AMERICAN SNIPER
Part of me can't help thinking that Clint Eastwood has a gleeful twinkle in his eye about the apoplexies American Sniper is giving a lot of critics and observers. Following a series of under-achieving films whose pleasant irrelevance seemed to suggest a filmmaker on the decline that started taking seriously his newfound status as the last of the American classics, American Sniper is on track to be one of Mr. Eastwood's biggest box-office hits, as well as a lightning rod for political commentary in an America highly polarized.
Essentially a biopic of the late Chris Kyle, a Navy SEAL who became the most lethal combat marksman in the history of US Armed Forces, the film seems custom-designed for the "red state", "Fox News" constituency that often cries foul at "liberal Hollywood". But that was also the "bread and butter" audience for some of Mr. Eastwood's most popular 1970s vehicles - making it clear that this is not a film "out of character" for a director who, in more recent and thoughtful efforts such as J. Edgar, Flags of Our Fathers or Letters from Iwo Jima, seemed to embrace a whole other moral complexity, and departed from the traditional black-and-white, good-vs-evil simplicity.
Much has been made of American Sniper's ejection of big-picture politics in favour of an openly hagiographic tone for the tale of a patriot who enlisted after 9/11 and, after leaving the Navy, went on to help disabled veterans (eventually dying at the hands of one of them).
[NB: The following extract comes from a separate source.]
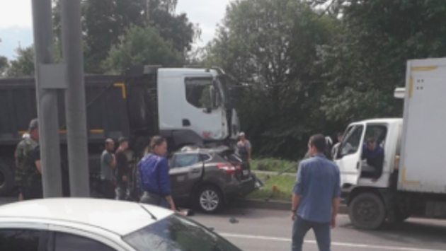 На Митрофаньевском шоссе самосвал раздавил легковой автомобиль

And, when compared to the nuance and complexity of most of Mr. Eastwood's later classics, American Sniper is clearly a lesser work that harks back to an earlier, more idealized era in American filmmaking, where "recruiting poster" was not a dirty word.
On the other hand, though, neither do I find it the jingoistic claptrap so many paint it as. Even though it's ultimately a hagiography of Kyle adapted from the autobiography he published before his death, there is a calculated ambiguity to Bradley Cooper's portrayal of the man and to Mr. Eastwood's approach: the constant if discreet pushback from fellow soldiers (or Kyle's own enlisted brother) who have doubts about the Iraq war, the inability to readjust to real life once back in the States, suggest that Kyle's is one of many possible views. Also, there is a deliberate indecision between choosing the man and the soldier, Chris the Texan hunter and rodeo cowboy and Kyle the lethal operative, the killing machine and the family man.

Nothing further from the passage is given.